Commodity currencies advanced against the dollar in July.  The New Zealand and Australian dollars outperformed the Canadian dollar. The affectionately know loonie has teasingly traded almost exclusively between 1.10 per USD and parity for the past year.  At 1.03, it is near yet so elusively far from that psychologically important level.  Moreover, Canada is very sensitive to what’s happening in the U.S. economy and did not itself experience net growth between March and May.  Sentiment toward the down-under economies, by contrast, benefits from Asia’s decoupled and rapid development.

Grinding upward pressure on the yen poses a threat to Japan, whose economy as noted above has run into some rougher waters.  Japan already had very low interest rates when the financial crisis began, so there was less room to cut interest rates.  As rate spreads narrowed, the yen drew strength.  There is a limit to how far it will rise, even though upward movement has been exceedingly slow and thus orderly.  Given Japan’s highly fluid political situation, it should not be assumed that just because officials have eschewed intervention since March 2004, they will continue to let markets decide the yen’s fate. 

In the table below, average values of EUR/USD, dollar/yen and euro/yen are shown for the entire time since the common European currency was created at the start of 1999, for the first five years of that period and for the subsequent 5 years and 7 months.  The table has several coincidences.  The average value of the euro over the entire period is very close to its starting quote of $1.1720.  The mean euro value since end-2004 is not far from its present level against the dollar, and the average for the initial five years was pretty close to parity.  Not long ago, people were predicting that the euro might hit parity later this year, but those forecasts have been withdrawn.  The most interesting message illustrated in the table is the greater volatility exhibited in the dollar’s relationship to the euro than in its value against the yen.

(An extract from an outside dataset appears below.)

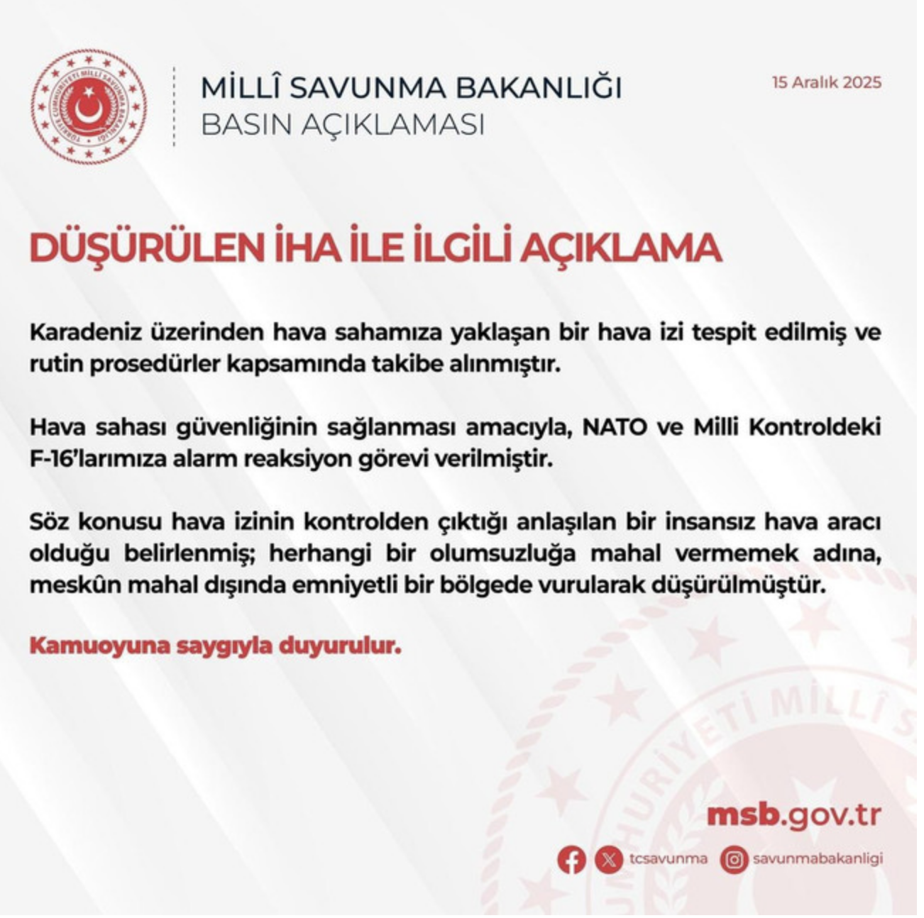 Milli Savunma Bakanlığı tarafından yapılan yazılı açıklamada, "Karadeniz üzerinden hava sahamıza yaklaşan bir hava izi tespit edilmiş ve rutin prosedürler kapsamında takibe alınmıştır. Hava sahası güvenliğinin sağlanması amacıyla NATO ve milli kontroldeki F-16'larımıza alarm reaksiyon görevi verilmiştir. Söz konusu hava izinin kontrolden çıktığı anlaşılan bir insansız hava aracı olduğu belirlenmiş; herhangi bir olumsuzluğa mahal vermemek adına meskûn mahal dışında emniyetli bir bölgede vurularak düşürülmüştür" denildi.

Averages Since 1999 1999-2004 Post-2004
EUR/USD 1.1842 1.0346 1.3444
EUR/JPY 130.38 118.90 142.70
USD/JPY 111.06 115.40 106.40

The Swiss franc advanced more sharply against the dollar between end-May and end-July than either sterling or the euro.  In the franc’s case, unlike Japan’s, intervention is a sporadic reality already rather than a hypothetical possibility.  Swiss officials have been flexible, creating two-side risk with unpredictable and changing tactics and remarks that shift their emphasis.   So long as deflation is kept at bay and insofar as investors expect the Swiss economy to expand faster than the euro area’s expansion rates this year and in 2011, the franc ought to hold its own against other European currencies and perhaps pick up more ground.